Passing n > sizeof(string) to snprintf can cause a glibc buffer overflow
condition. We know the exact size of nsecs_str, so use it along with the
the math to determine the longest string size we want.
Note that an overflow isn't really possible given the format of the
string. However, glibc would abort due to a runtime check.
Signed-off-by: Chase Douglas <[email protected]>
---
trace-ftrace.c | 3 ++-
1 files changed, 2 insertions(+), 1 deletions(-)

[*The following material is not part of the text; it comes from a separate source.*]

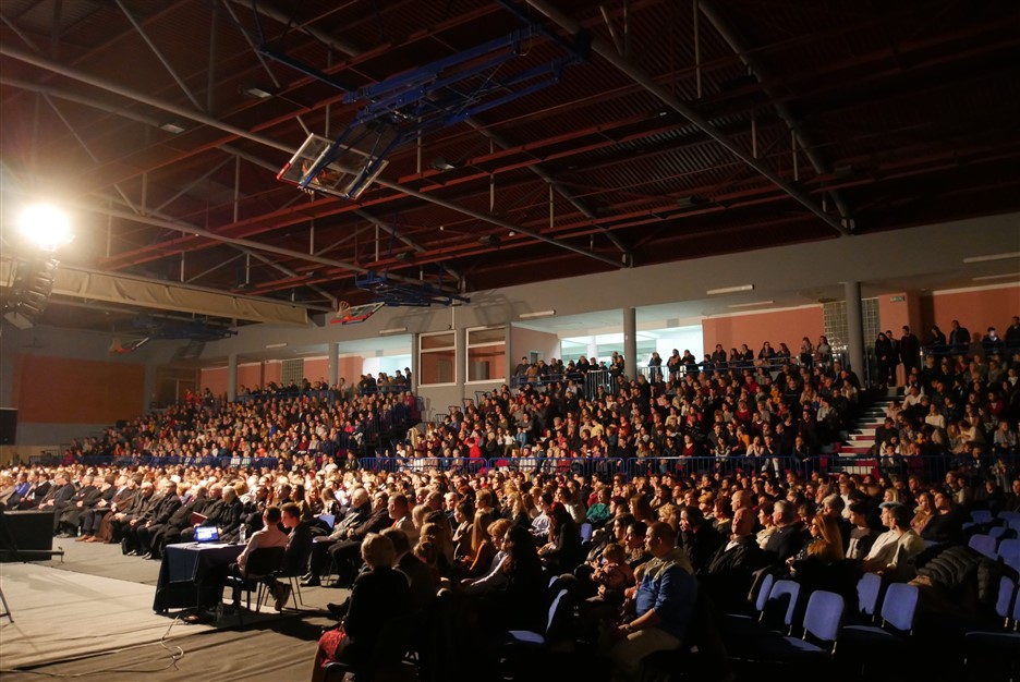 Nakon uručenja čeka, sportskom dvoranom Pazinskog kolegija razlio se glas na koji su se mnogima od okupljenih djelatnika i bivših učenika Kolegija zasuzile oči, reproduciran je kratki ulomak obraćanja mons. Antuna Heka sa otvorenja Pazinskog kolegija: „Danas smo mi ovdje svjedoci pokušaja da ovo zdanje bude simbol novog prepoznavanja povijesnog trenutka i potreba.

diff --git a/trace-ftrace.c b/trace-ftrace.c
index af9ac8d..181a00f 100644
--- a/trace-ftrace.c
+++ b/trace-ftrace.c
@@ -21,6 +21,7 @@
#include <stdio.h>
#include <stdlib.h>
#include <string.h>
+#include <sys/param.h>
#include "trace-cmd.h"
@@ -148,7 +149,7 @@ static void print_graph_duration(struct trace_seq *s, unsigned long long duratio
/* Print nsecs (we don't want to exceed 7 numbers) */
if ((s->len - len) < 7) {
- snprintf(nsecs_str, 8 - (s->len - len), "%03lu", nsecs_rem);
+ snprintf(nsecs_str, MIN(sizeof(nsecs_str), 8 - len), "%03lu", nsecs_rem);
trace_seq_printf(s, ".%s", nsecs_str);
}
--
1.7.0.4
Quick note. Please send to my [email protected] address. I may not see
messages here for weeks at a time. I author patches with my RH account
just to "advertise" who I work for. But I sign-off-by with the account I
want people to send to.
On Tue, 2010-06-15 at 10:47 -0400, Chase Douglas wrote:
> Passing n > sizeof(string) to snprintf can cause a glibc buffer overflow
> condition. We know the exact size of nsecs_str, so use it along with the
> the math to determine the longest string size we want.
>
> Note that an overflow isn't really possible given the format of the
> string. However, glibc would abort due to a runtime check.
>
> Signed-off-by: Chase Douglas <[email protected]>
Thanks!
Can you write a similar patch for the Linux kernel too. It may need to
go to stable as well.
-- Steve
> ---
> trace-ftrace.c | 3 ++-
> 1 files changed, 2 insertions(+), 1 deletions(-)
>
> diff --git a/trace-ftrace.c b/trace-ftrace.c
> index af9ac8d..181a00f 100644
> --- a/trace-ftrace.c
> +++ b/trace-ftrace.c
> @@ -21,6 +21,7 @@
> #include <stdio.h>
> #include <stdlib.h>
> #include <string.h>
> +#include <sys/param.h>
>
> #include "trace-cmd.h"
>
> @@ -148,7 +149,7 @@ static void print_graph_duration(struct trace_seq *s, unsigned long long duratio
>
> /* Print nsecs (we don't want to exceed 7 numbers) */
> if ((s->len - len) < 7) {
> - snprintf(nsecs_str, 8 - (s->len - len), "%03lu", nsecs_rem);
> + snprintf(nsecs_str, MIN(sizeof(nsecs_str), 8 - len), "%03lu", nsecs_rem);
> trace_seq_printf(s, ".%s", nsecs_str);
> }
>
On Tue, 2010-06-15 at 10:54 -0400, Steven Rostedt wrote:
> Quick note. Please send to my [email protected] address. I may not see
> messages here for weeks at a time. I author patches with my RH account
> just to "advertise" who I work for. But I sign-off-by with the account I
> want people to send to.
Ahh. I took the email address from the authors line like you said :). Is
this standard practice for others as well?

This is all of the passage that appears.